Comment Re:Stop listening to the PTC (Score 1) 821

And really, that's kind of how it should be. If a small group of people really really cares about something, and the rest of us don't care too much, it's basic social wisdom to compromise in favor of the people who really do care.

The KKK feels awfully strongly about limiting the rights of non-whites. On the other hand, I (and, I suspect, millions of other Americans) am a strong believer in equal rights, but I'm not nearly as emphatic about it -- I wouldn't engage in the sorts of terrorism the KKK has been known to in years past. "Basic social wisdom" is then to compromise in the favor of the KKK?

Democracy should not mean giving the reins to those with the loudest voice. But that certainly would explain the dismal state of gay rights in this country.

Comment Re:CGI scripts (Score 2, Insightful) 148

Sure, being able to click and drag an online map was neat when it first came out, but faster than clicking an arrow in the corner? Not for me... I'd rather have it move in whole, consistent, step sizes. And faster? Hell no! I sit around waiting several seconds for Google maps to load up, prompt after prompt to "keep waiting" or else any address you type in will get munged.

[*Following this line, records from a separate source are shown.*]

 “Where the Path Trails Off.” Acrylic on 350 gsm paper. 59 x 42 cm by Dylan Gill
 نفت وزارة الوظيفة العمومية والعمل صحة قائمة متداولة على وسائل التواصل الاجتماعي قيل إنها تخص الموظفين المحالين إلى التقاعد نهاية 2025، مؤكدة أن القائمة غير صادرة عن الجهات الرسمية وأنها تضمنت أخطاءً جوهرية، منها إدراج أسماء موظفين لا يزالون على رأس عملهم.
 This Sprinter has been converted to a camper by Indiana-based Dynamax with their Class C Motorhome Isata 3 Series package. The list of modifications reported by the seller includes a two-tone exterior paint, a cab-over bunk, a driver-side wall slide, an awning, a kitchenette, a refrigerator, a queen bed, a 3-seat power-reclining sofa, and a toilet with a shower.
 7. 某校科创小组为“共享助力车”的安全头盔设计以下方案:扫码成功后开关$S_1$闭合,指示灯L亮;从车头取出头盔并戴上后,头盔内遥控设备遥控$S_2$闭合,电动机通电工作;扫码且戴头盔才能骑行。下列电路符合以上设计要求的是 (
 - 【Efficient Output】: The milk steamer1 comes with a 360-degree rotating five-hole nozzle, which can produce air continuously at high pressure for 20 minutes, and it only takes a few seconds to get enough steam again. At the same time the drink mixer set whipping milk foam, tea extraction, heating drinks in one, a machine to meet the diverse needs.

Wow. How's the weather back in 1998?

I've got a PC that I built for $300 in 2008, and two macbooks (the bottom of the line models. Not the Pro). They're all behind a perfectly average comcast cable modem. Running Google Chrome, google maps loads just as fast as any desktop app, on any and all of 'em. This is not a bleeding edge setup.

So... Is it your Pentium 2, or your 9600 baud modem that's holding you back?

You're right... AJAX doesn't run great on systems built before the turn of the century. If you don't like it, pick up a system that has more than 64 meg of ram. You have every right not to upgrade, but if you choose not to, you have no right to bitch.

The "everything should run on my Windows 95 machine" mindset drives me nuts. I bet driving your Model T on the interstate isn't much fun either.